An exact copy of the listing below is the answer, with the pictures removed.

==== Supplied material

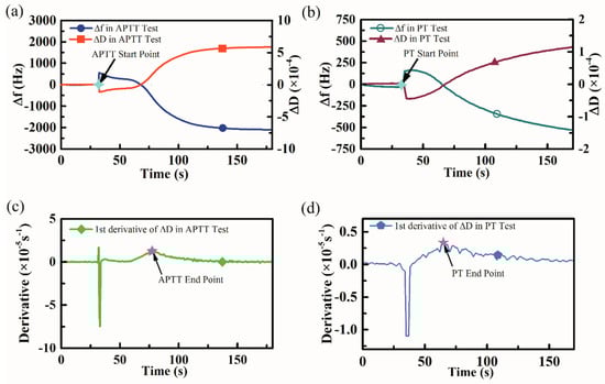 Figure 7. Typical frequency and dissipation signals during blood coagulation, all data were recorded by a smartphone. (a) Typical frequency and dissipation curves during activated partial thromboplastin time (APTT) measurements and the APTT start point was considered as the moment when APTT activator was added. (b) Typical frequency and dissipation curves during PT measurements and the PT start point was considered as the moment when PT reagent was added. (c) The first-order derivative of APTT dissipation curve and the peak point was regarded as the APTT end point. (d) The first-order of PT dissipation curve and the peak point was regarded as the PT end point.
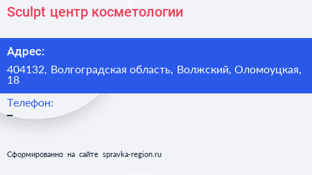 Sculpt, центр косметологии по адресу 404132, Волгоградская область, Волжский, Оломоуцкая, 18 в дальнейшем Организация, размещена в следующих категориях:
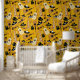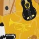Lebhafte Tapete gemustert mit Illustrationen von Mariachi-Musikinstrumenten. Die Hintergrundfarbe ist ein reichhaltiges goldenes Gelb, aber Sie können dies selbst anpassen und ändern.
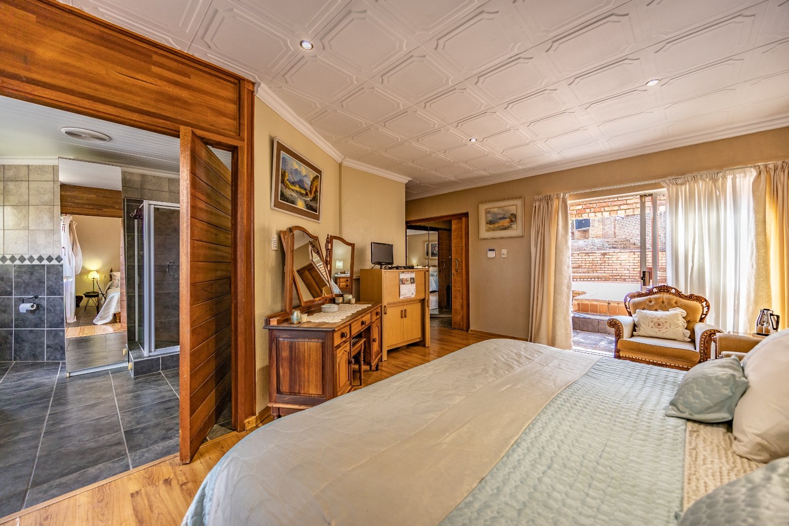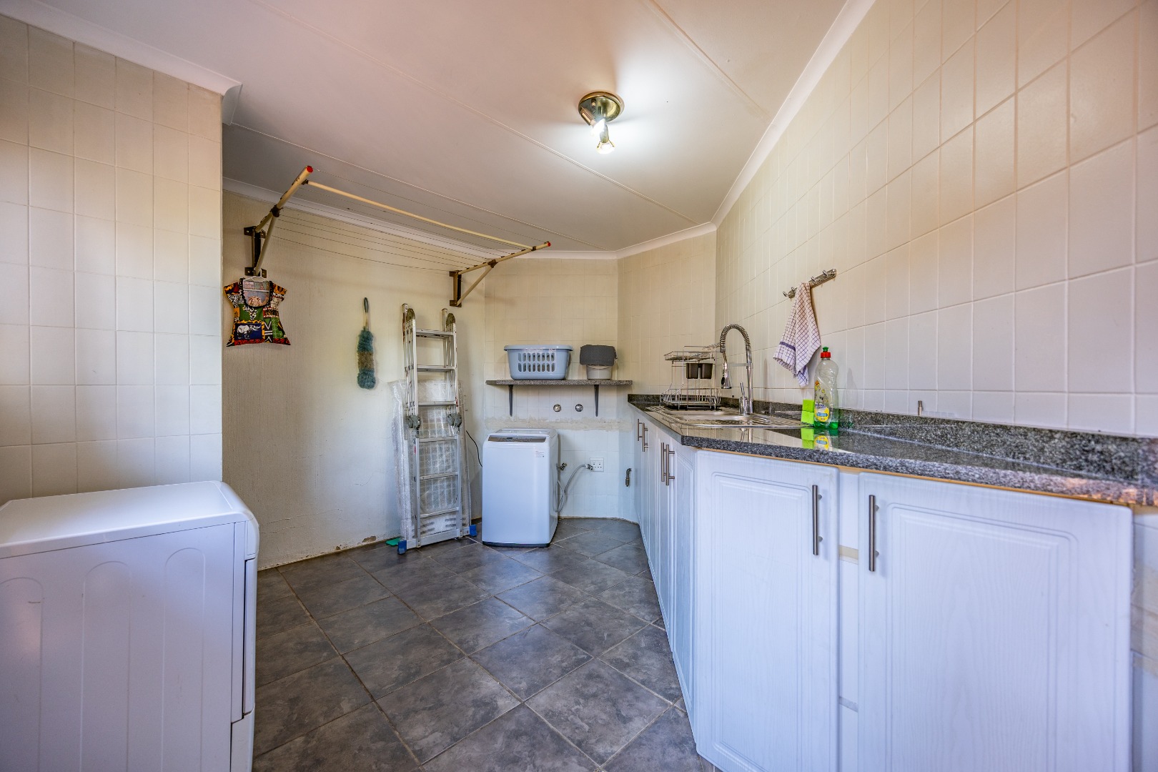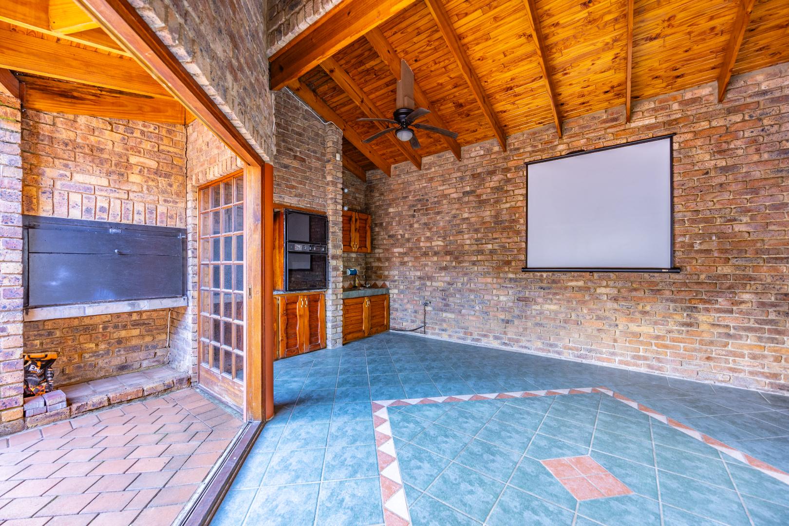 Entertainment is where this property truly shines. Living areas open onto a large entertainment zone overlooking the sparkling pool, complete with a built-in braai, extractor, bar area (included) and additional built-in ovens and electric hobs ideal for year-round hosting. A second outdoor braai area by the pool, currently suitable as a smoker or easily convertible into one, adds even more possibility. Downstairs, a private wine cellar completes the entertainer’s picture, while three automated garages, multiple storage rooms and a pool with pump ensure convenience matches the scale of the home.

========

Written response:
 Figure 7. Typical frequency and dissipation signals during blood coagulation, all data were recorded by a smartphone. (a) Typical frequency and dissipation curves during activated partial thromboplastin time (APTT) measurements and the APTT start point was considered as the moment when APTT activator was added. (b) Typical frequency and dissipation curves during PT measurements and the PT start point was considered as the moment when PT reagent was added. (c) The first-order derivative of APTT dissipation curve and the peak point was regarded as the APTT end point. (d) The first-order of PT dissipation curve and the peak point was regarded as the PT end point.
 Sculpt, центр косметологии по адресу 404132, Волгоградская область, Волжский, Оломоуцкая, 18 в дальнейшем Организация, размещена в следующих категориях:
Lebhafte Tapete gemustert mit Illustrationen von Mariachi-Musikinstrumenten. Die Hintergrundfarbe ist ein reichhaltiges goldenes Gelb, aber Sie können dies selbst anpassen und ändern.
 Entertainment is where this property truly shines. Living areas open onto a large entertainment zone overlooking the sparkling pool, complete with a built-in braai, extractor, bar area (included) and additional built-in ovens and electric hobs ideal for year-round hosting. A second outdoor braai area by the pool, currently suitable as a smoker or easily convertible into one, adds even more possibility. Downstairs, a private wine cellar completes the entertainer’s picture, while three automated garages, multiple storage rooms and a pool with pump ensure convenience matches the scale of the home.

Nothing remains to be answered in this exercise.